__BRIEF__.
Leave out the pictures and repeat everything else in the records exactly.

__SOURCE MATERIAL__.
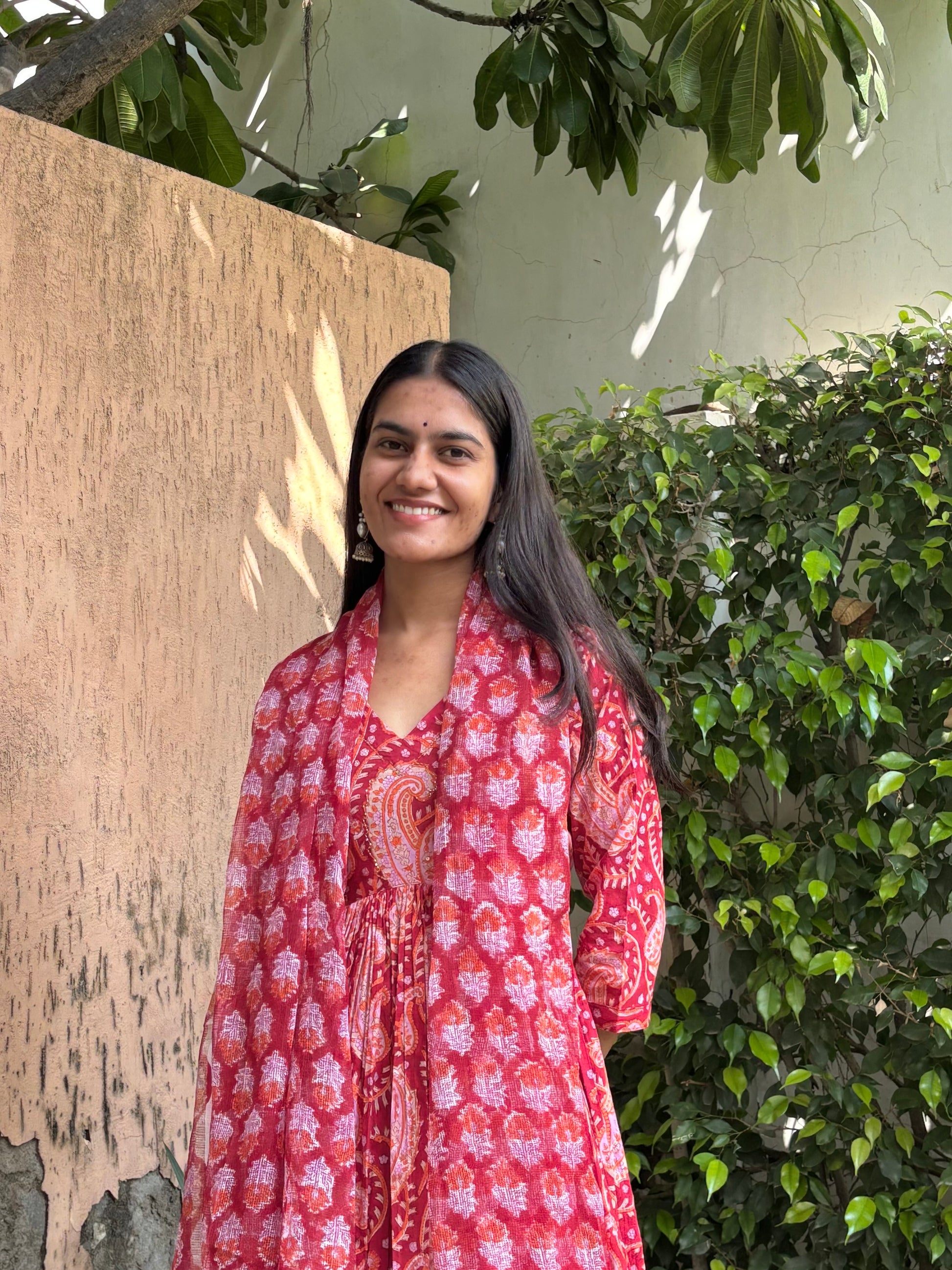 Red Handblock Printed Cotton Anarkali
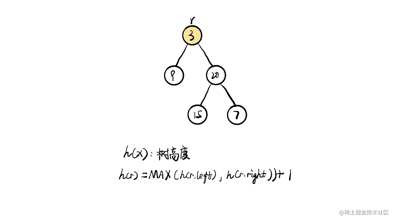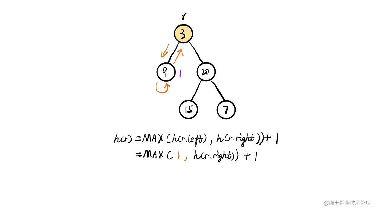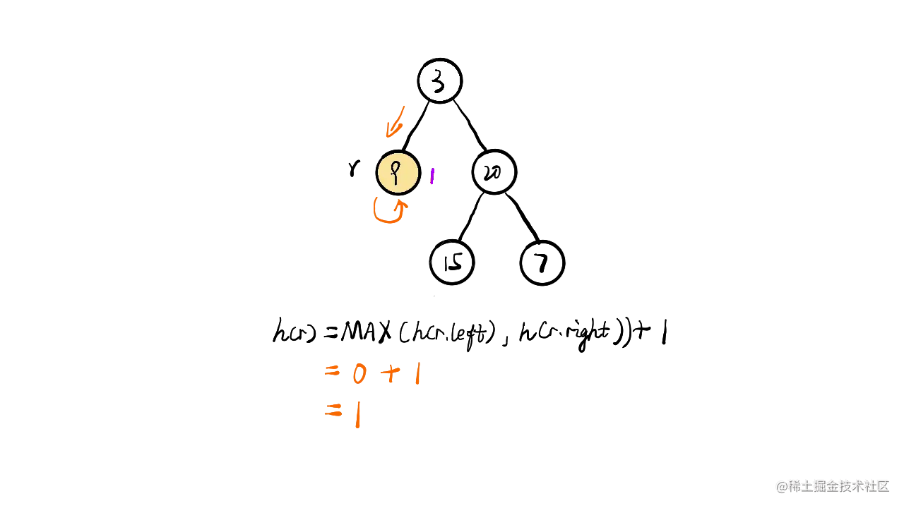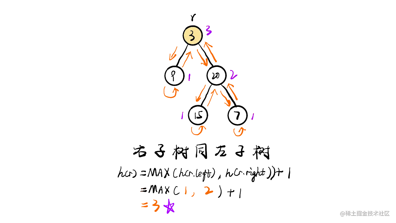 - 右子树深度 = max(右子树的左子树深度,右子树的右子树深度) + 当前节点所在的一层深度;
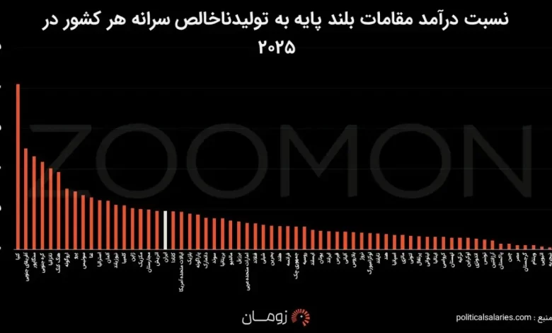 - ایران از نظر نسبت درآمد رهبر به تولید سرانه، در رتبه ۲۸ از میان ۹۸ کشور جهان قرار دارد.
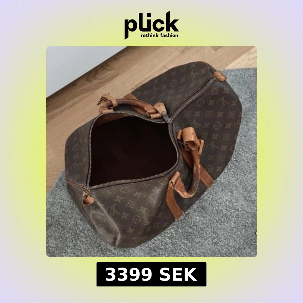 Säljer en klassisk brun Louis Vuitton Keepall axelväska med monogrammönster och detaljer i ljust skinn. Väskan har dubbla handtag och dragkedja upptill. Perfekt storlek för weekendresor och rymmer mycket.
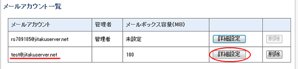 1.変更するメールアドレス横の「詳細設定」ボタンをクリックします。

__TASK ANSWER__.
 Red Handblock Printed Cotton Anarkali
 - 右子树深度 = max(右子树的左子树深度,右子树的右子树深度) + 当前节点所在的一层深度;
 - ایران از نظر نسبت درآمد رهبر به تولید سرانه، در رتبه ۲۸ از میان ۹۸ کشور جهان قرار دارد.
 Säljer en klassisk brun Louis Vuitton Keepall axelväska med monogrammönster och detaljer i ljust skinn. Väskan har dubbla handtag och dragkedja upptill. Perfekt storlek för weekendresor och rymmer mycket.
 1.変更するメールアドレス横の「詳細設定」ボタンをクリックします。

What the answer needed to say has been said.